Northeast Ohio Schools Open Employee Health Clinics To Cut Costs
The I Promise School in Akron, Ohio, has gained national attention because it was founded by basketball great Lebron James.The school is known for inventive classroom techniques. But right next door the Akron school district has also been trying to innovate by opening an on-site health care clinic for school employees and their families.
Keith Liechty Clifford, school improvement coordinator, has been a frequent patient since the Paladina clinic opened about a year ago. It’s optional for district employees, he said.
School employees are offered traditional health insurance by the Akron district and they can choose a different doctor. But Liechty Clifford can get to the doctor quickly by going through an adjoining door to the I Promise school building.
“It has been just been so convenient for me because I work in the office building right next door,” he said.
This is not an urgent care, said Dr. Kevin Wang, the physician who staffs the clinic five days a week. He calls it the direct primary care model of care.

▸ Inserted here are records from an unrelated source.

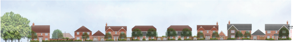
Figure 8: Dwellings backing onto properties on Warfield Street

9.36 The DAS shows that dwellings on the edge of open space should be a softer, more sensitive form of development. Development proposed here comprises more spacious, predominantly 2-storey, detached and semi-detached dwellings with sufficient setback beyond private drives and landscaping.
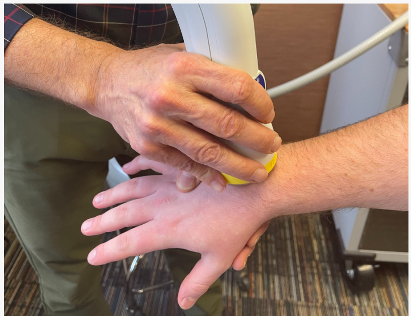
Softwave Therapy In Use - Wrist
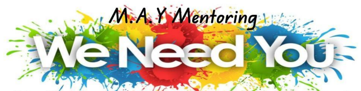
Make a difference in your community and help us to inspire, connect and encourage our youth.

If you know anyone that might be a good fit for the M.A.Y Mentoring program please encourage them to contact me to become a mentor. The commitment is 4 hours a month for I year. The program hosts a 2 hour event every month to engage mentors/mentees so really the mentor and mentee only need to meet 2 hours a month outside the event. We have several waiting students who want to get a mentor and would love to be participating in the program. We thank you in advance for helping spread the word and keep this program strong.
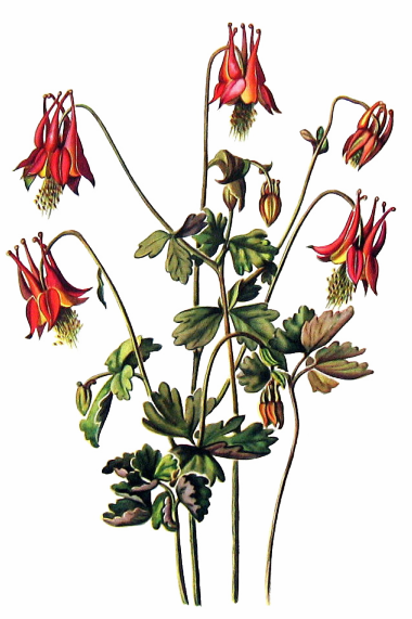
Columbine Aquilegia spp.

Since there’s a small, targeted group of patients, it’s easy to get same-day appointments and everything is free for employees and their dependents – including most prescriptions.
“There's nothing out of pocket. So it's like a win-win,” Liechty Clifford said.
Students at the I Promise school in Akron, where the school district has recently opened an on-site employee health care clinic. [Jean-Marie Papoi / ideastream]
All new patients must meet with Dr. Wang for an initial one-hour appointment. The purpose is to go over their medical history and to establish a rapport, Wang said.
Wang is not required by the company to restrict his time with patients when they do come in for a medical visit, he said. And many of the patients have his personal cell number for after hours or weekends.
“I would tell them, you know, don't be shy to call if you're thinking about going to the ER or urgent care. That is when you need to call,” said Wang.
That’s the goal for Akron school officials: to keep their employees from using more expensive places for basic care, like hospital emergency rooms.
School districts and small businesses, faced with ever-rising health care costs, are turning to new models to cut spending, said Ryan Pendleton, Akron school’s chief financial officer.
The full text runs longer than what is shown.